→ PROBLEM TO WORK ON: Starting from the line containing "陈都灵今日出席Boucher", give again every line through the end of the entries, word for word. Pictures stay out of the copy.

[WORKING DATA]

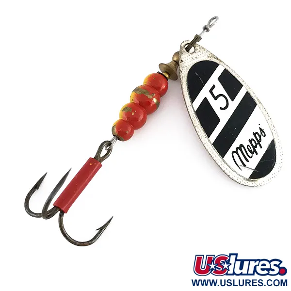 Solidus 8 cm profilis paverčia šią 5 dydžio sukriukę (produkto kodas 8045) puikiu pasirinkimu didelėms lydekoms ir maskinongams. 14 g svoris yra sutelktas žalvariniame korpuse ir keturiuose ryškiuose raudonai geltonuose karoliukuose. Didelis sidabrinis lapelis papuoštas kontrastingas juodai baltu įstrižu raštu, kurio centre – ikoniškas skaičius „5“ ir Mepps užrašas. Apvertus lapelį matomas autentiškas „MADE IN FRANCE“ spaudas, nurodantis aukštos kokybės komponentus, naudojamus surenkant masalą JAV. Galinėje dalyje yra aštrus trišakis kablys, kurio kotelis apsaugotas klasikiniu raudonu kembriku. Matomi nedideli naudojimo vandenyje požymiai, tačiau karoliukų ir sidabrinio lapelio būklė išlieka 4/5. Kūgio formos sukimosi sistema užtikrina tolygų sukimąsi ir sukuria specifines vibracijas, kuriomis garsėja šis modelis.
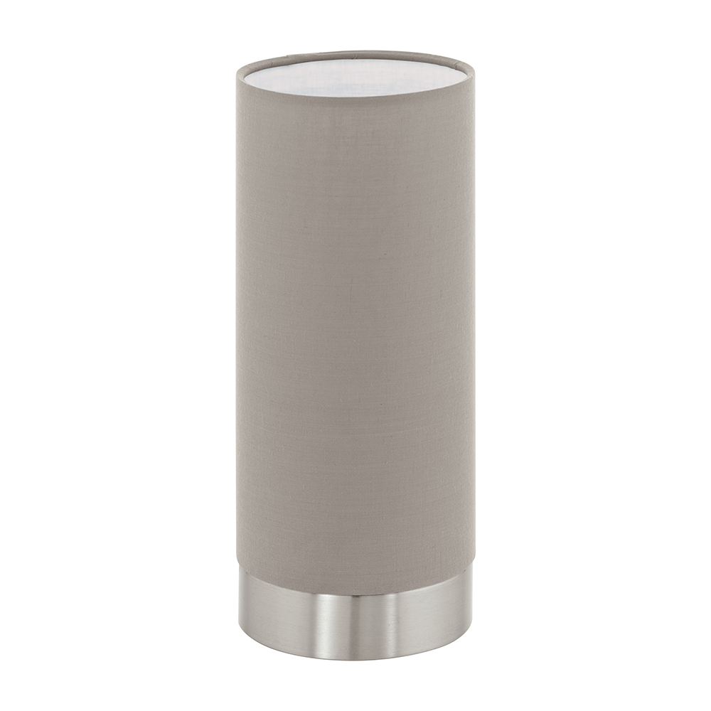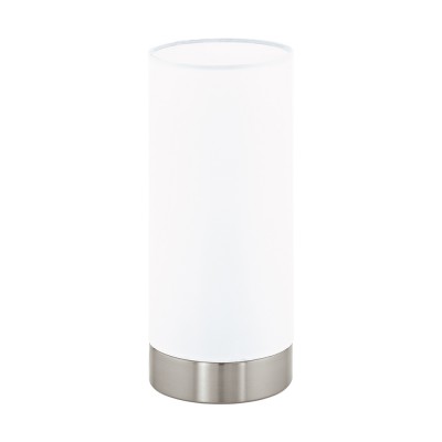 PASTERI - VÝPRODEJ Stolní lampa, základna kov, povrch nikl mat, stínítko textil bílá, pro žárovku 1x40W, E27, 230V, IP20, tř.2, rozměry d=120mm, h=255mm, dotykový vypínač a stmívač
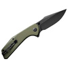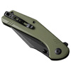 Actium = Reaction. With this simple formula, SENCUT describes the principle of interaction between the D2 sharp blade with a stonewash black finish and cutting ropes, boxes, or packaging. The pocket knife opens on bearings with a flipper or thumb pin and locks with a robust liner lock mechanism. The ergonomic green G10 handle provides firm support in all conditions. Features lanyard hole.
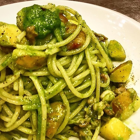 長糸産赤鶏とじゃがいもの菜の花ソースパスタ
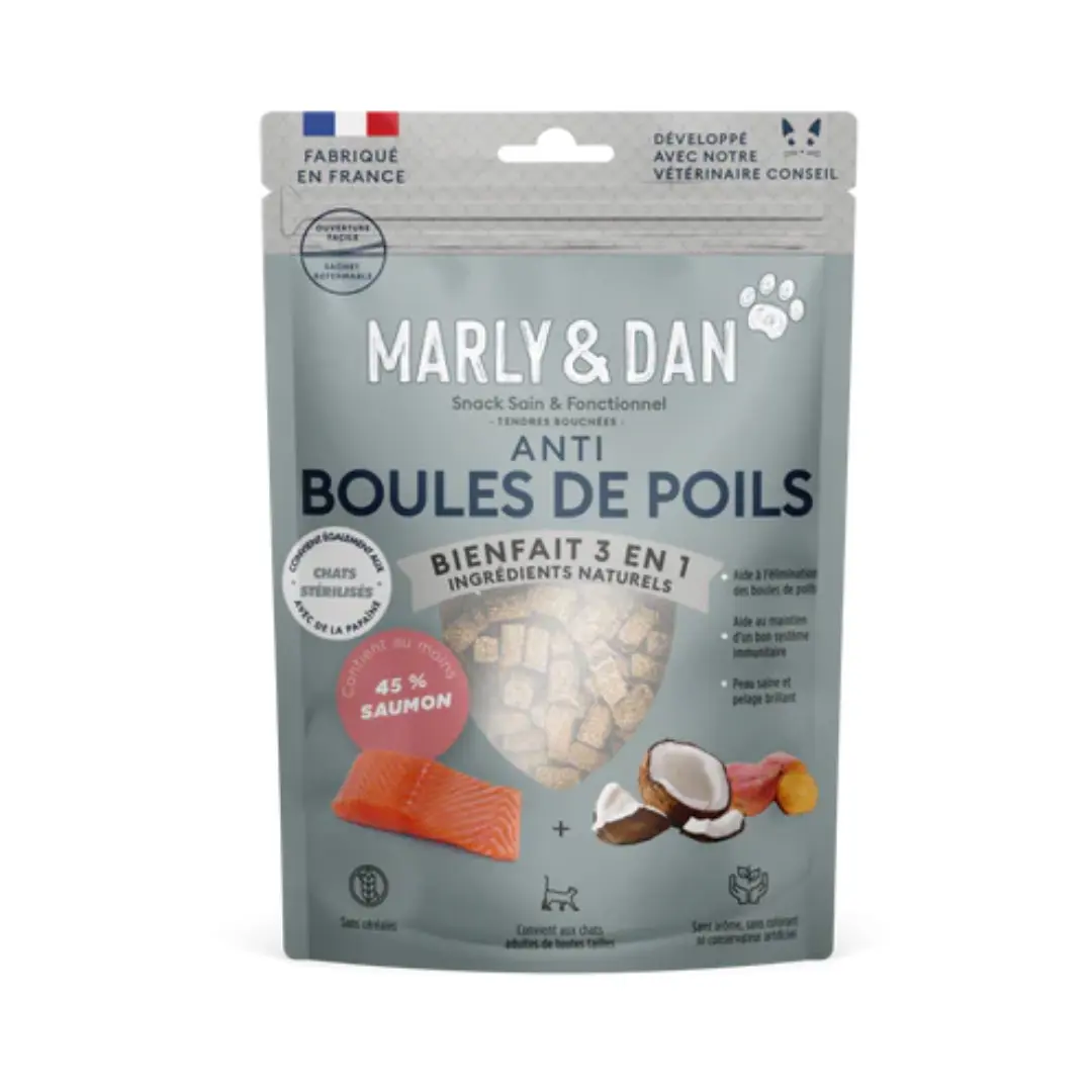 Snack naturel en forme de bouchées qui aide à prévenir la formation des boules de poils grâce aux propriétés de l’enzyme de papaïne. A base de saumon et d’ingrédients naturels pour aider à soutenir le métabolisme de votre chat.
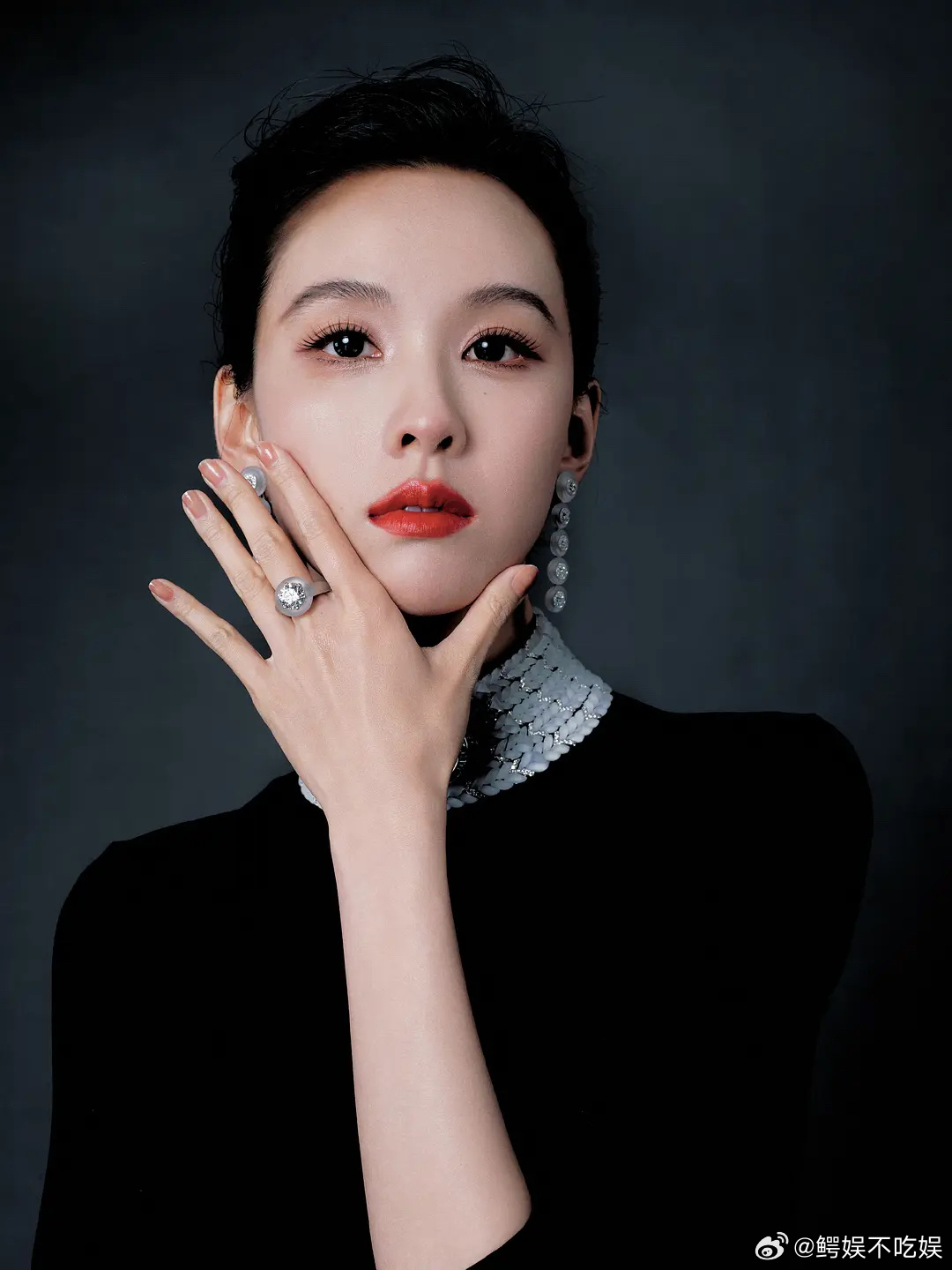 陈都灵今日出席Boucheron宝诗龙品牌活动造型大片,身着一袭黑色修身连衣裙搭
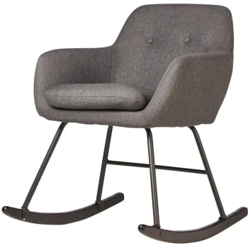 ATHM DESIGN Fauteuils Rocking Chair Assise Tissu Gris Clair Pieds Métal Noir
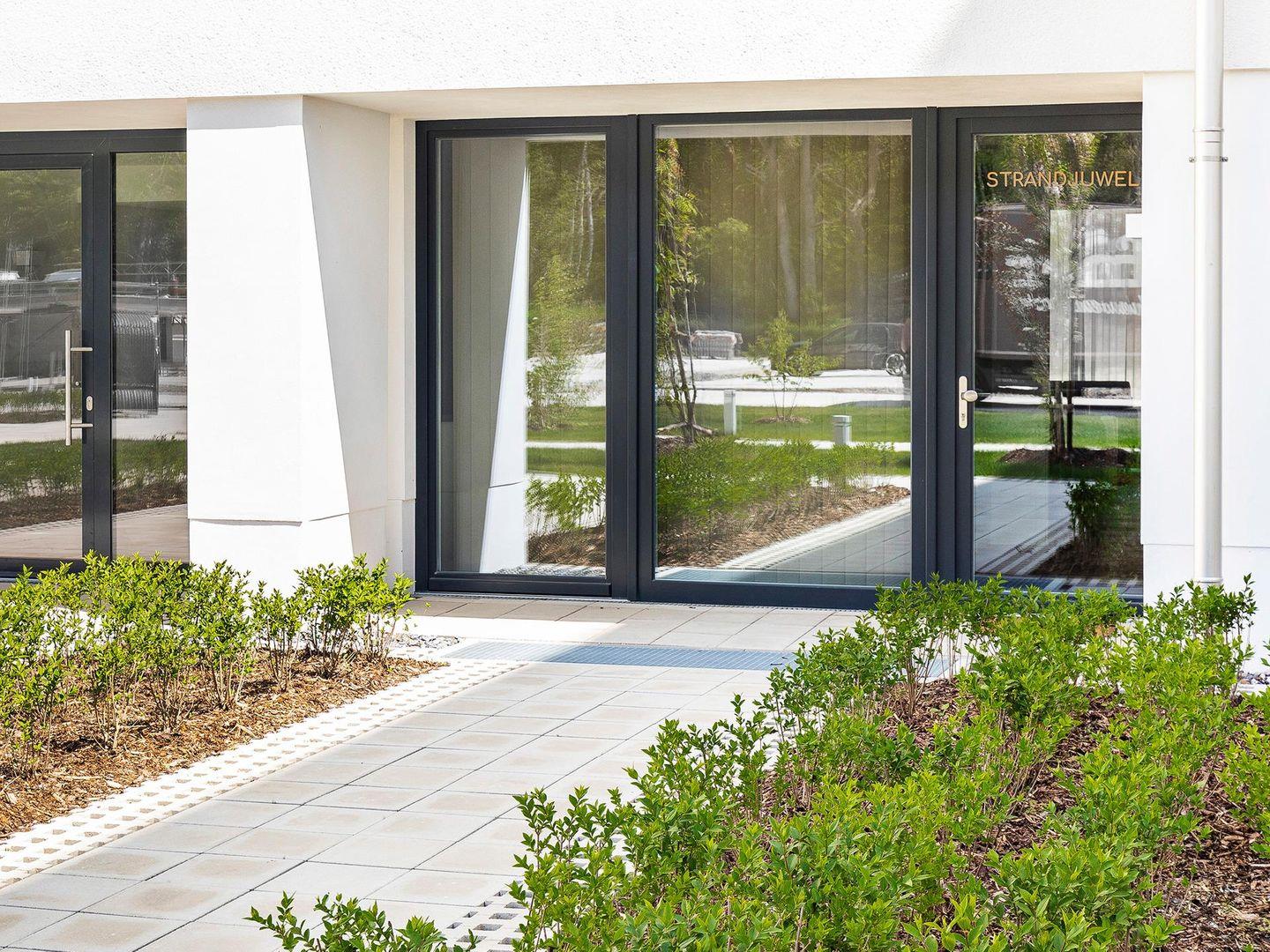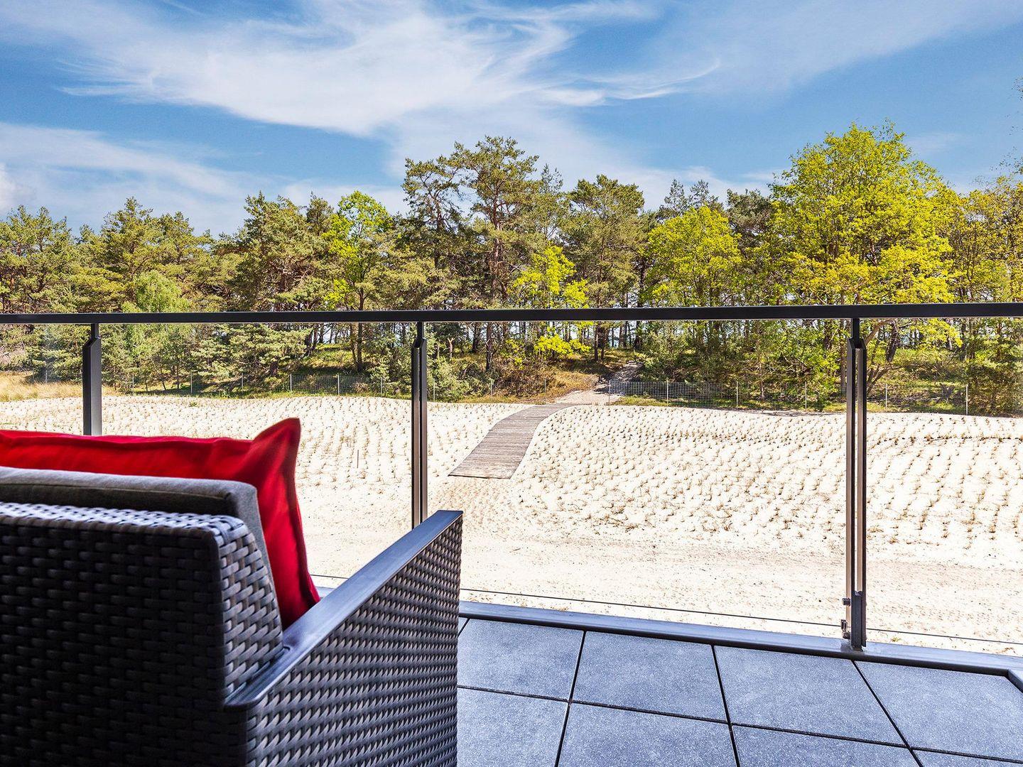 - Terrasse: Sonnenschirm und Sitzmöglichkeit mit Blick auf Dünenlandschaft (Seeseite)

[/WORKING DATA]

→ SOLUTION FOR THIS EXERCISE:
 陈都灵今日出席Boucheron宝诗龙品牌活动造型大片,身着一袭黑色修身连衣裙搭
 ATHM DESIGN Fauteuils Rocking Chair Assise Tissu Gris Clair Pieds Métal Noir
 - Terrasse: Sonnenschirm und Sitzmöglichkeit mit Blick auf Dünenlandschaft (Seeseite)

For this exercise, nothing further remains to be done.